I seem to have an IPv6 firewalling problem : IPv6 originating on the TO does not receive answers. I get this when using an IPv6 DNS as forwarder, I see the DNS requests going out, I see the answers being sent by the DNS server, but the answer is not seen by the TO
Same thing with a ping (ICMP)
For outgoing SSH, the server does not receive the SYN packets.
I dp not see how to allow the turris outgoing statefull IPv6 connections to the WAN zone. DOes someone have any help ?

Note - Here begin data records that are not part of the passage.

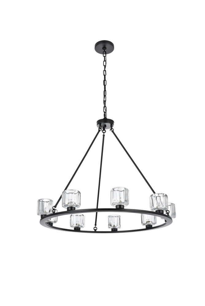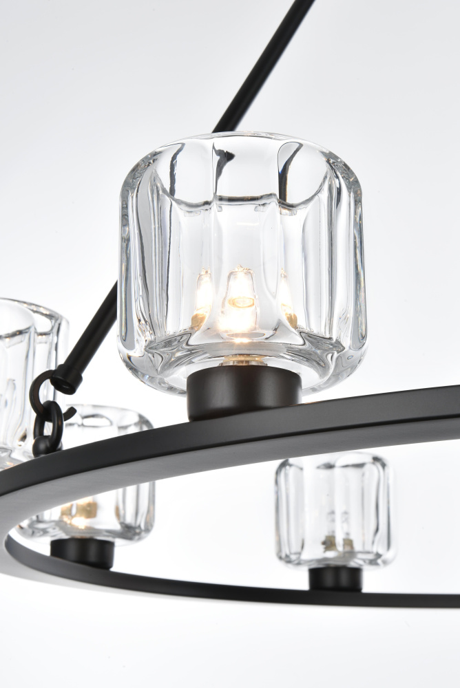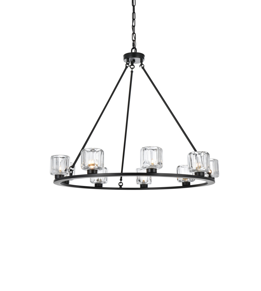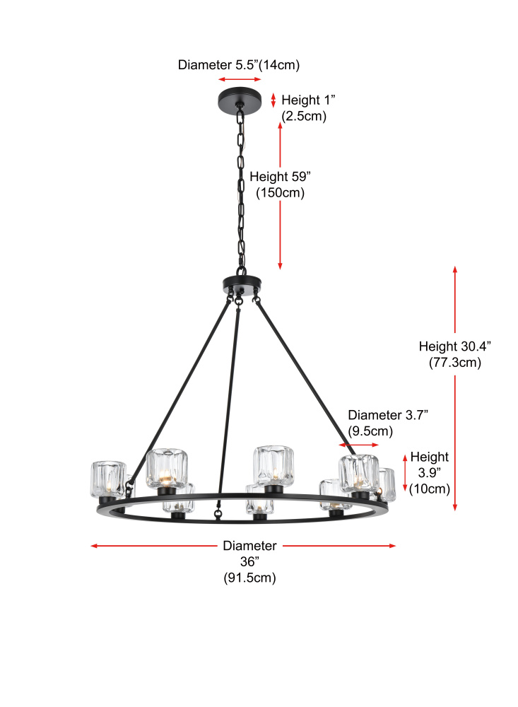 Add modern charm to your space with this striking chandelier, where a sleek circular iron frame meets sculpted clear glass shades. The unique design features decorative hanging rods with hooks, enhancing the structure with industrial flair. The clear glass refracts light beautifully, creating a radiant glow that uplights your space with warmth and dimension. Perfect for dining rooms, living rooms, or offices, this chandelier is available in black for a bold contrast, satin gold for a luxurious touch, and chrome for a sleek, modern vibe. With multiple size options and a matching canopy and chain for seamless installation, this dimmable chandelier offers both beauty and versatility. Light bulbs are not included, allowing you to choose the perfect style to match your vision.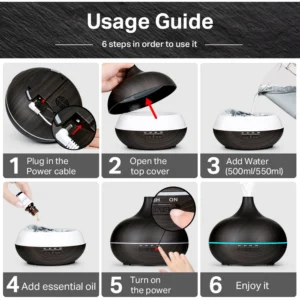 Com um design elegante, este difusor pode ser utilizado em casa, no escritório ou em qualquer lugar que precise de um toque de frescor e tranquilidade. Experimente a combinação de umidificação e aromaterapia e sinta a diferença no seu dia a dia!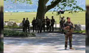 French soldiers secure the area after several children and an adult have been injured in a knife attack in Annecy, in the French Alps, France, June 8, 2023. (REUTERS)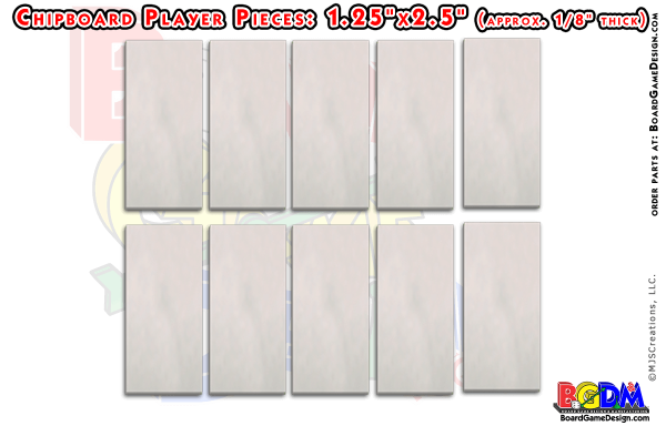 Each Measures 1.25″ Wide x 2.5″ (approx. 1/8” [0.125”] thick, 52 pt. chipboard). Make your own custom full color printed pieces/standees! With these Standee/blank Chipboard Player Pieces, print your artwork from your own printer, then cut and mount them onto each piece.
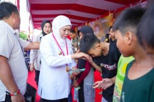 Kegiatan ini turut dihadiri Wakil Gubernur Jawa Timur Emil Elestianto Dardak, Ketua TP PKK Jawa Timur Arumi Bachsin Emil Dardak, serta jajaran kepala perangkat daerah di lingkungan Pemprov Jatim.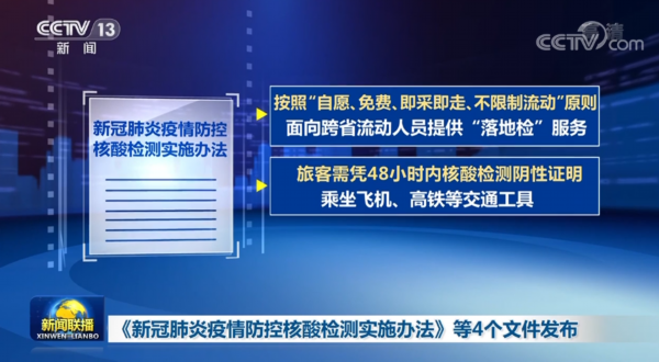 《新冠肺炎疫情防控核酸检测实施办法》明确:在常态化监测中,没有发生疫情的地区,一般不按行政区域开展全员核酸检测。按照“自愿、免费、即采即走、不限制流动”原则,面向跨省流动人员提供“落地检”服务,旅客需凭48小时内核酸检测阴性证明乘坐飞机、高铁等交通工具。对入住宾馆酒店和进入旅游景区人员需查验健康码和72小时内核酸检测阴性证明。

I believe TO would not be blocking this, at least not in close-to-default setting.
That’s what I believed, but the result is there. I did only basic configuration of FW through Luci
Here is the setting, But I do not see to which zone the TO itself belongs
By default this should be considered as a lan => wan but you screenshot show you have defined custom zone (ISOLES, INTERNE).
Yes I have several zones on the inside side that I want to separate, that’s the main reason for me to have my own router.
So How should I do this ?
It works for me:
root@turris:~# ping6 www.ietf.org
PING www.ietf.org(2606:4700:10::6814:6e06) 56 data bytes
64 bytes from 2606:4700:10::6814:6e06: icmp_seq=1 ttl=58 time=1.91 ms
64 bytes from 2606:4700:10::6814:6e06: icmp_seq=2 ttl=58 time=2.42 ms
64 bytes from 2606:4700:10::6814:6e06: icmp_seq=3 ttl=58 time=2.36 ms
^C
--- www.ietf.org ping statistics ---
3 packets transmitted, 3 received, 0% packet loss, time 2003ms
rtt min/avg/max/mdev = 1.915/2.236/2.428/0.235 ms
My setup is very close from the default: just “lan”, “wan”, and “freebox” zone.
For this setup using a TO is useless : the box does it itself.
A solution for me would be to disable all FW configuration done through Luci, Foris or UCI and I do it myself directly with iptables and ip6tables.
Is it possible ?
Found the problem : the IP I used on turris was the same the uplink router used…
1 Like
This topic was automatically closed 3 days after the last reply. New replies are no longer allowed.